WORK INSTRUCTIONS - Restate the whole of the data below word for word, skipping the images.

MATERIAL PROVIDED -
┏━━
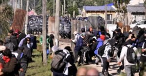 Tras dos horas de intervención, evitaron la toma de los terrenos. No obstante, varios móviles y elementos de protección policial resultaron dañados producto de los elementos arrojados contra ellos.
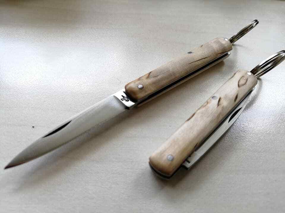 Coltello Tradizionale mini sfilato betulla 12cm couteau navaja knife messer, 0399/530-12BE. Lunghezza totale 12 cm, lama liscia di 5 cm in acciaio inox 420. Manico in legno di betulla con anellino posteriore per utilizzare il coltellino come portachiavi. Chiuso misura 7cm. Essendo il legno un materiale naturale, il colore e le sfumature variano da coltello a coltello, pertanto le foto sono puramente indicative. Realizzato artigianalmente dalla coltelleria Michele Fraraccio di Frosolone
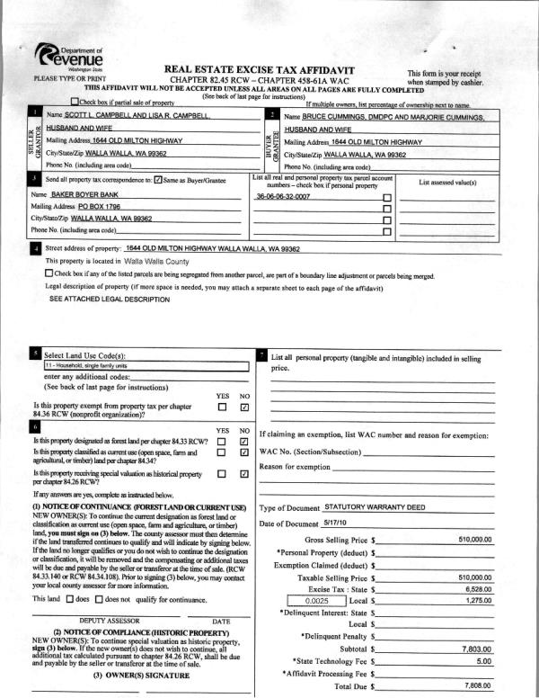 | 7 | 01/02/2009 | WARRANTY D | WARRANTY DEED | CAMPBELL, LISA | CAMPBELL, SCOTT L | | | | 0 | CC #07-3-00301-5 |
┗━━
YOUR RESPONSE -
 Tras dos horas de intervención, evitaron la toma de los terrenos. No obstante, varios móviles y elementos de protección policial resultaron dañados producto de los elementos arrojados contra ellos.
 Coltello Tradizionale mini sfilato betulla 12cm couteau navaja knife messer, 0399/530-12BE. Lunghezza totale 12 cm, lama liscia di 5 cm in acciaio inox 420. Manico in legno di betulla con anellino posteriore per utilizzare il coltellino come portachiavi. Chiuso misura 7cm. Essendo il legno un materiale naturale, il colore e le sfumature variano da coltello a coltello, pertanto le foto sono puramente indicative. Realizzato artigianalmente dalla coltelleria Michele Fraraccio di Frosolone
 | 7 | 01/02/2009 | WARRANTY D | WARRANTY DEED | CAMPBELL, LISA | CAMPBELL, SCOTT L | | | | 0 | CC #07-3-00301-5 |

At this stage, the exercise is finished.